7 comments

[ 2.4 ms ] story [ 31.4 ms ] thread
I love how easy it is to use conflicting versions of packages. Haven't needed it in practice, yet, but I'm sure it'll only be time.
A few of us in the ruby world use rip, https://github.com/defunkt/rip, which also isn't needed at runtime. Unfortunately, the ruby community never took much interest.
The problem with rip is the lack of cross platform support due it's usage of symlinks.

Its management and mixture of git/gems can make things a bit complicated.

Not to mention that it plays with your environment variables (RUBYLIB) making things not as transparent as npm.

Node really endorsed npm and both worked together. RubyGems until 1.9.1 was never part of "Ruby", even while is extensively used as package manager.

Worse than that, Ruby-Core doesn't use it and cripples it to avoid the startup pain it could be, instead of making it integral part of Ruby.

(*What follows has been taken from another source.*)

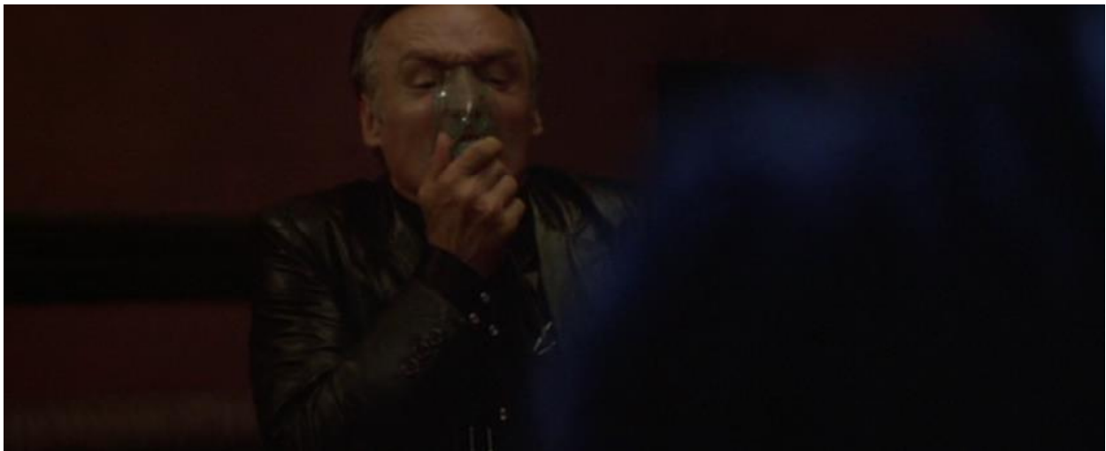
Huffing and puffing Frank Booth as the modern Big Bad Wolf

We see Frank use his mask three times: when he is first introduced raping Vallens, just

The obvious question is how much work it'll be to turn each NPM into a system package for production use. It took us months to straighten out a nest of servers which had assorted unique versions of code smuggled onto them with ad hoc single-language tools completely lacking RPM integration, and we're not about to go there again. The sample package.json doesn't show any way to list native (non-node) dependencies, which is not a good sign.
I think the idea is to NOT do that. If you're doing it in production, you probably run your node in user level anyway, so you should have node installed via nvm or similar tool.

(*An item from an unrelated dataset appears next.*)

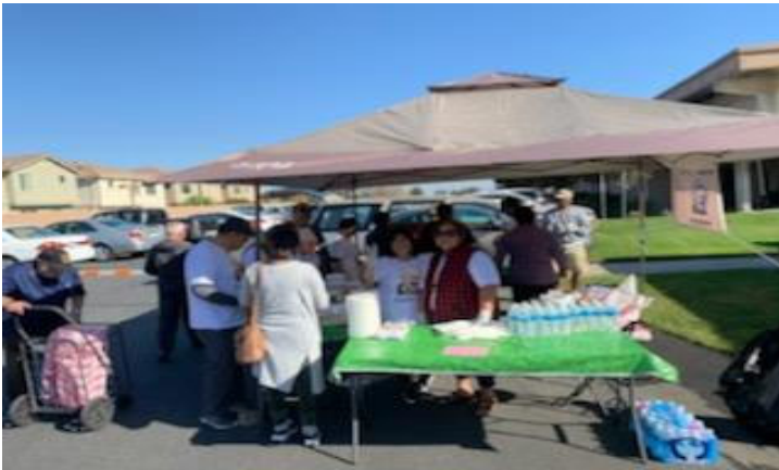
Sons and daughters of St. Padre Pio feeding the hungry...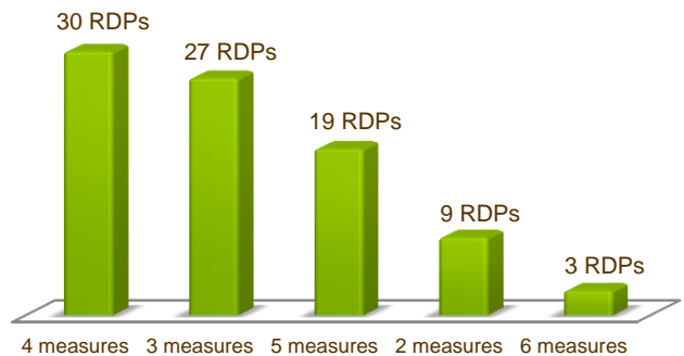
Preserving natural resources measures: number of measures activated in the 88 RDPs

Drawing from the menu of available measures, RDPs generally implemented from 2 to 6 measures together. As shown in the figure on the right, the majority of RDPs implemented 4 (30 RDPs) or 3 (27 RDPs) measures together. Around 20% of the RDPs implemented 5 measures. Few programmes chose to implement only two or all six measures.

Why would you want package.json to list native dependencies, shouldn't that be the responsibility of the npm package author? Usually npm packages that compile to native code will run 'make' on 'npm install'.

Another reason that you would NOT want this is because npm packages could potentially use older conflicting versions of the same library. NPM can manage this internally -- you wouldn't want rpm to install 2 different versions of the same package globally.

In the contrived example below, cluster & express are using 2 different versions of the 'log' npm package, but the main system using cluster & express have no clue that there are 2 different versions installed.

  ├─┬ cluster@0.6.9 
  │ └── log@1.2.0 
  ├── ejs@0.4.3 
  └─┬ express@2.0.0 
    ├── log@1.0.0 
    ├── connect@1.1.0 
    └── qs@0.3.0
Sounds like you should be using Chef or Puppet to manage these kinds of dependencies.
Last I looked, both Chef and Puppet were meta-tools that launch all the other third-party tools I don't want involved. Are either of them solid enough now to actually replace the system package manager? Can they answer questions like "why does /etc/foo exist, which package created that?"